By the Closed-End Fund Association

Closed-end funds offer investors a unique combination of benefits including professional money management, diversification, exchange-trading, and the ability to use leverage, among others. While they are similar to mutual funds, because closed-end funds trade on a stock exchange and have a stock price that is set by market forces that can differ from the fund’s net asset value (“NAV”), closed-end funds can sell at premiums and discounts to their NAV. Why do discounts exist in the first place? Numerous academic studies have looked into the question and none have identified a satisfactory reason. Discounts appear to be primarily the result of investor sentiment and supply and demand forces. Something the studies generally agree on is that discounts are not a reflection of the fund manager’s capabilities or the result of investment performance by the fund.

The fact that closed-end funds typically trade at a discount can draw the attention of a class of investors with a short-term outlook, known as “activists.” These investors scour the closed-end universe for funds which may have been trading at a discount for a prolonged period of time, buy them at the discount, and, in a very small number of situations, they attempt to “open-end” the closed-end fund or to have the fund liquidated.  “Open-ending” refers to converting the charter of the fund from a “closed-end fund” which trades at market prices, to a traditional “open-end” mutual fund which is required by law to trade at NAV but can only be bought and sold at end-of-day prices. Activist arbitrageurs often argue that their efforts to attempt to open-end a fund helps investors in the fund by narrowing persistent discounts. In fact, studies have shown that such actions only temporarily narrow discounts. The reason is simple -- when investment markets learn that such actions are imminent, professional buyers begin to take positions in the fund in question in order to arbitrage the market inefficiencies that exist, and their buying activity has the effect of narrowing the discount.  

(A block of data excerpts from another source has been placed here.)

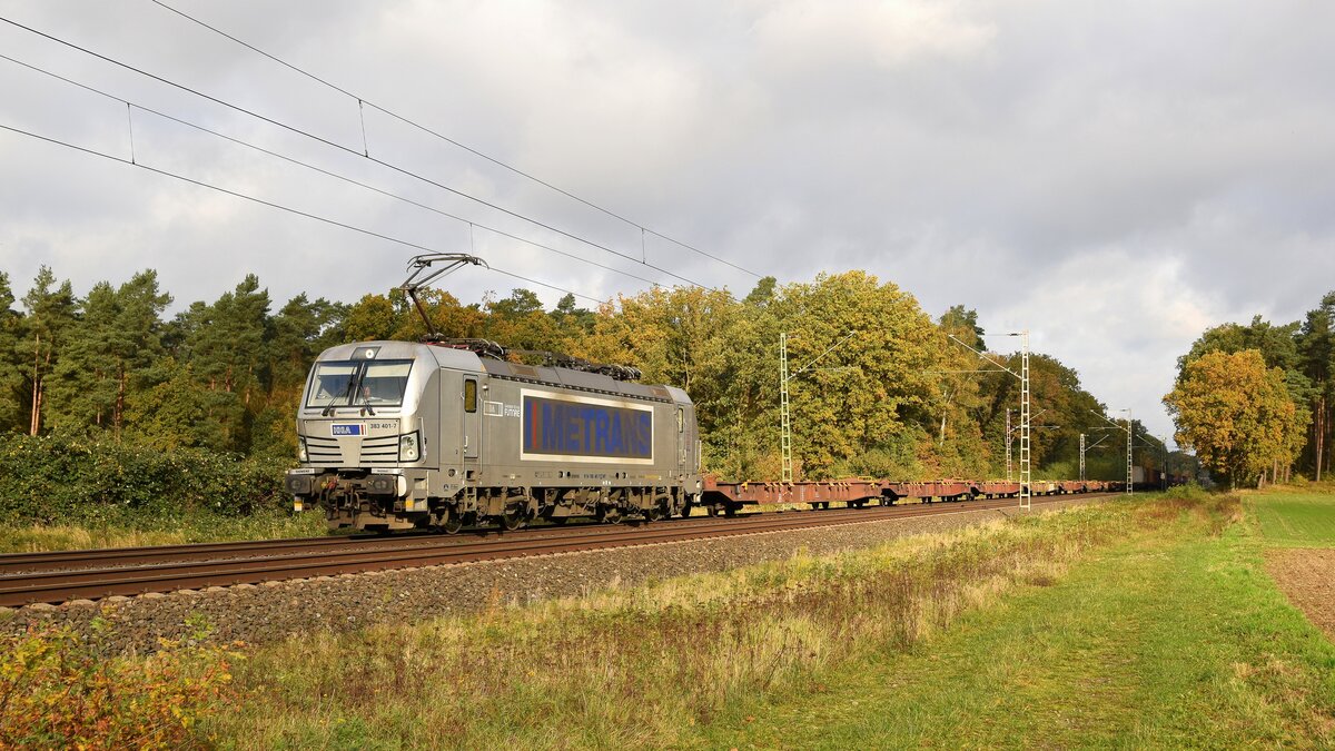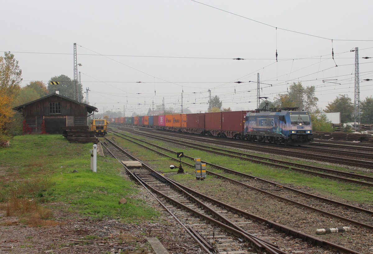 186 534-4 (Railpool/Metrans) zu sehen am 18.10.22 mit einem Containerzug in Velke Zernoseky.
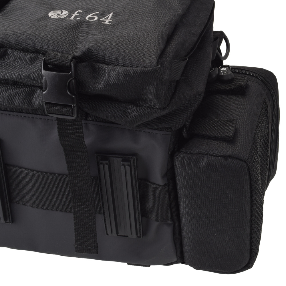 ■メインフラップ : f.64伝統の外開きタイプのメインフラップ。担いだままの状態でフルオープンにしても両手がフリーとなるので、効率の良い出し入れが可能です。
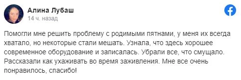 Помогли мне решить проблему с родимыми пятнами, у меня их всегда хватало, но некоторые стали мешать. Узнала, что здесь хорошее современное оборудование и записалась. Убрали все, что смущало. Рассказали как ухаживать во время заживления. Мне все очень понравилось, спасибо!
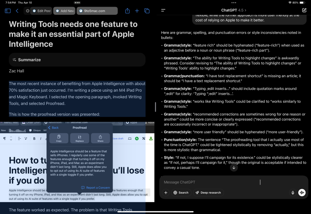 The most recent instance of benefiting from Apple Intelligence with about 70% satisfaction just occurred. I’m writing another piece using an M4 iPad Pro and Magic Keyboard. I selected the opening paragraph, invoked Writing Tools, and selected Proofread.
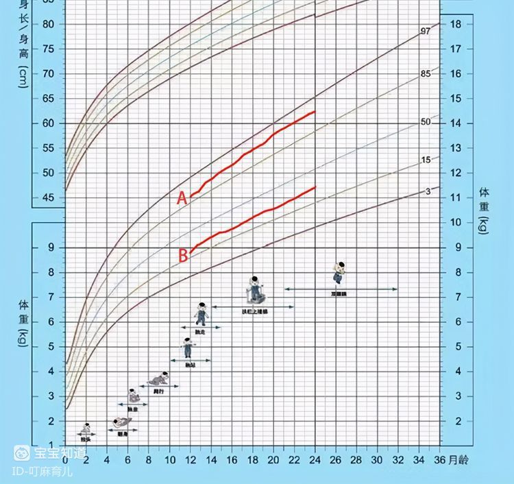 大部分宝宝都会沿着自己的生长轨迹,在某两条主百分位线之间相对稳定的成长。比如下面图示的2条红色连线,是两个2岁男孩的1-2岁的生长轨迹,虽然一个胖点一个瘦点,但是他们的生长轨迹是均衡增长的(A男孩体重一直在P85-P97之间波动,而且逐渐增加;B 男孩体重一直在P15-P50之间波动,逐渐增加),那么他们的发育就是正常的。
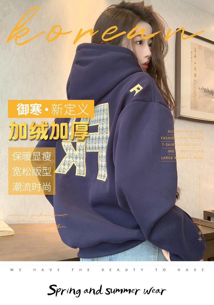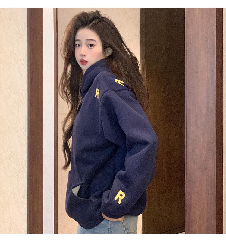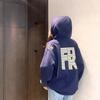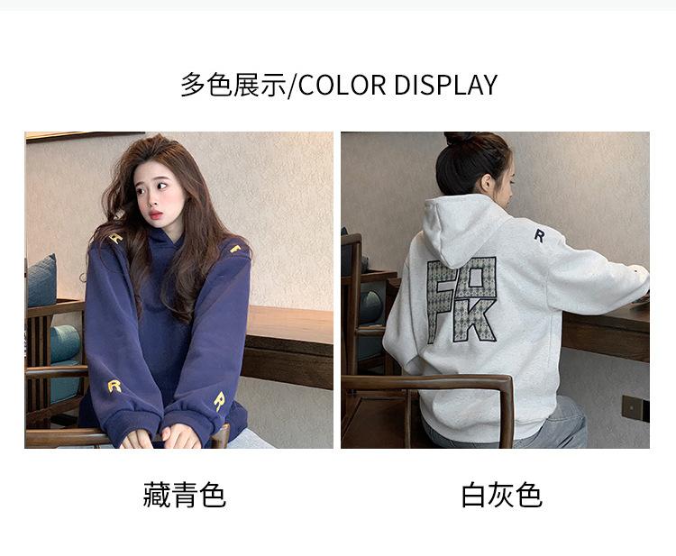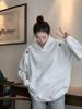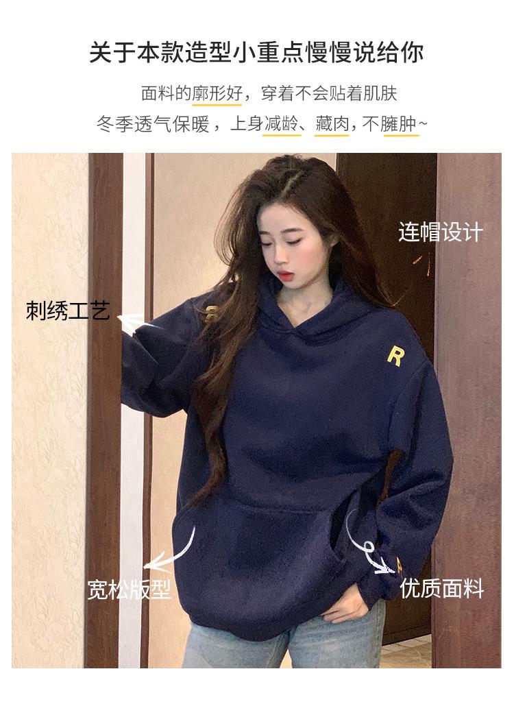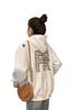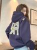Suéter con capucha y letras bordadas estilo americano retro para mujer, chaqueta deportiva holgada informal de manga larga para invierno

Studies also show that the effect is temporary and usually to the primary benefit of the activists and professional arbitragers. If the activists do succeed at forcing a fund to open-end, the discount will disappear (albeit from the narrower level caused by the open-ending effort). But so will the many benefits provided by the closed-end fund structure that attracted the long-term investors to the fund in the first place. In that event, long-term closed-end fund shareholders of the fund are faced with a decision to either sell their shares in order to take advantage of temporarily lower discounts or risk being placed in a traditional mutual fund -- and face, among other things, unwanted tax consequences from the fund’s selling shares to cash out departing investors and a substantially higher expense ratio from the process. And a fund that is not able to convert into a mutual fund for a variety of reasons would be forced to liquidate and go out of business.  

For these reasons, we believe that shareholders of closed-end funds should be very cautious about any action taken or perceived by a shareholder activist against a fund manager to open-end a closed-end fund, and should proceed with caution as there are many sides to the issue and many factors to take into consideration.